» **Exercise brief**
Could you output every record below exactly, leaving out the pictures?

» **Stored dataset items**
##############################
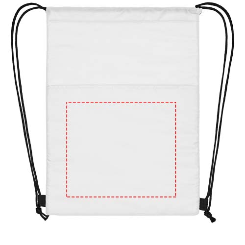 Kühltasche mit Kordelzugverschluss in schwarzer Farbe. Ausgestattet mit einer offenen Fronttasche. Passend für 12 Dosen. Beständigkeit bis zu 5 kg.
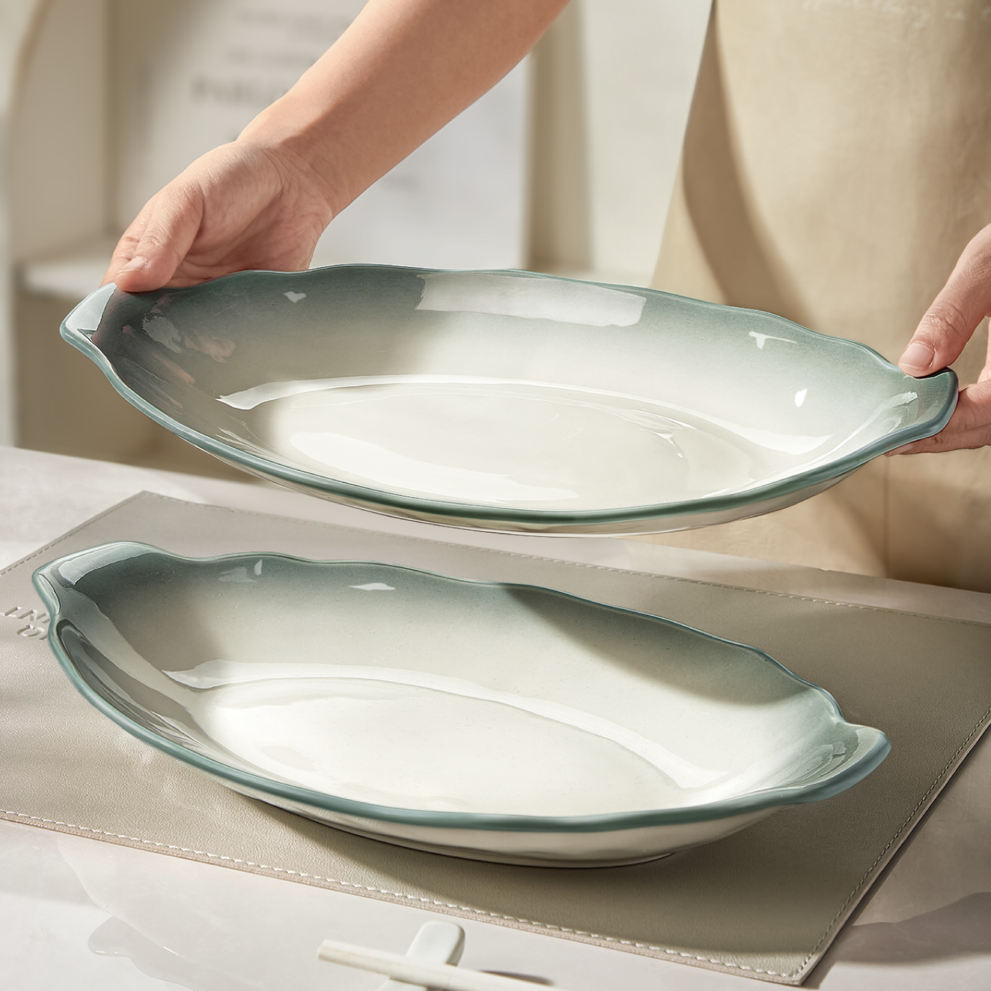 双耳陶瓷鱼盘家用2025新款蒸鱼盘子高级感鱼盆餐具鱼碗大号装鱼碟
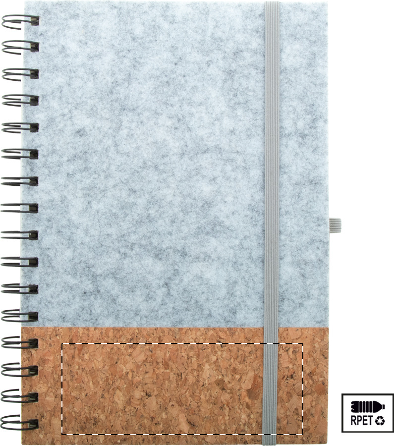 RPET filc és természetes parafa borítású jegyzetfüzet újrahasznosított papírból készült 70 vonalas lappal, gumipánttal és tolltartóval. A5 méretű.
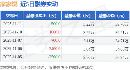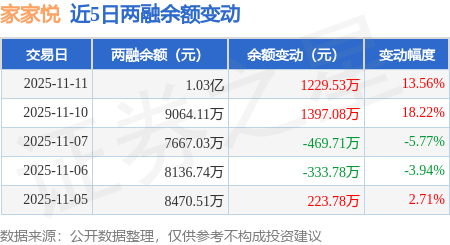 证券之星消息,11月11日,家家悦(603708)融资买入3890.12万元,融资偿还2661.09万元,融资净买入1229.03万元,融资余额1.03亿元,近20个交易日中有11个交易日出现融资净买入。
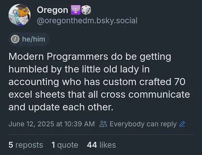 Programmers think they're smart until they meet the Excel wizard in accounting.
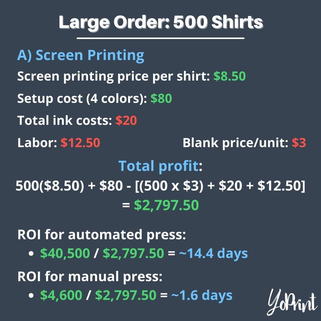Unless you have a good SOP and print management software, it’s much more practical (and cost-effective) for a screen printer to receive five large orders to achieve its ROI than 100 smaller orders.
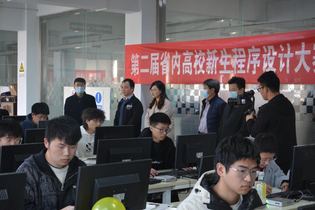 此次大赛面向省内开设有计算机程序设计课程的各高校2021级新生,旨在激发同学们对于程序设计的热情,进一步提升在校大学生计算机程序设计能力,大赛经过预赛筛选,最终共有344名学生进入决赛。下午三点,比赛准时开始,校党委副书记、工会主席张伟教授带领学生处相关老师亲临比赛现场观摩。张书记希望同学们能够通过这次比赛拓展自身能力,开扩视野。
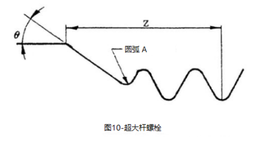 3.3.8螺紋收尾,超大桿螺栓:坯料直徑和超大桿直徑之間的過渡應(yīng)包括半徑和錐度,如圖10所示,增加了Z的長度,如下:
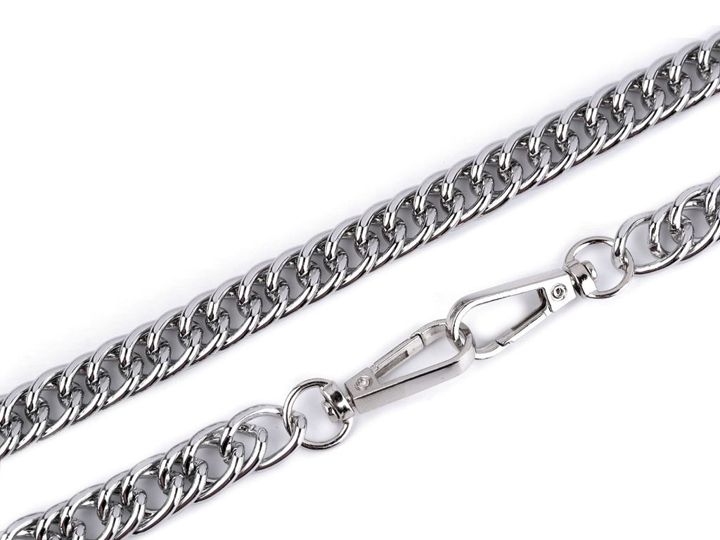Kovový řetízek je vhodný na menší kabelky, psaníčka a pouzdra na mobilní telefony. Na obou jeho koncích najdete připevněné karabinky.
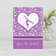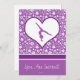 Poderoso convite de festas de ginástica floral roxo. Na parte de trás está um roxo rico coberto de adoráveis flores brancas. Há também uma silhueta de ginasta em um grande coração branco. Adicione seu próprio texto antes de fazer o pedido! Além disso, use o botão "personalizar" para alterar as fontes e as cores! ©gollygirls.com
##############################
» **Result for this exercise**
 Kühltasche mit Kordelzugverschluss in schwarzer Farbe. Ausgestattet mit einer offenen Fronttasche. Passend für 12 Dosen. Beständigkeit bis zu 5 kg.
 双耳陶瓷鱼盘家用2025新款蒸鱼盘子高级感鱼盆餐具鱼碗大号装鱼碟
 RPET filc és természetes parafa borítású jegyzetfüzet újrahasznosított papírból készült 70 vonalas lappal, gumipánttal és tolltartóval. A5 méretű.
 证券之星消息,11月11日,家家悦(603708)融资买入3890.12万元,融资偿还2661.09万元,融资净买入1229.03万元,融资余额1.03亿元,近20个交易日中有11个交易日出现融资净买入。
 Programmers think they're smart until they meet the Excel wizard in accounting.
Unless you have a good SOP and print management software, it’s much more practical (and cost-effective) for a screen printer to receive five large orders to achieve its ROI than 100 smaller orders.
 此次大赛面向省内开设有计算机程序设计课程的各高校2021级新生,旨在激发同学们对于程序设计的热情,进一步提升在校大学生计算机程序设计能力,大赛经过预赛筛选,最终共有344名学生进入决赛。下午三点,比赛准时开始,校党委副书记、工会主席张伟教授带领学生处相关老师亲临比赛现场观摩。张书记希望同学们能够通过这次比赛拓展自身能力,开扩视野。
 3.3.8螺紋收尾,超大桿螺栓:坯料直徑和超大桿直徑之間的過渡應(yīng)包括半徑和錐度,如圖10所示,增加了Z的長度,如下:
Kovový řetízek je vhodný na menší kabelky, psaníčka a pouzdra na mobilní telefony. Na obou jeho koncích najdete připevněné karabinky.
 Poderoso convite de festas de ginástica floral roxo. Na parte de trás está um roxo rico coberto de adoráveis flores brancas. Há também uma silhueta de ginasta em um grande coração branco. Adicione seu próprio texto antes de fazer o pedido! Além disso, use o botão "personalizar" para alterar as fontes e as cores! ©gollygirls.com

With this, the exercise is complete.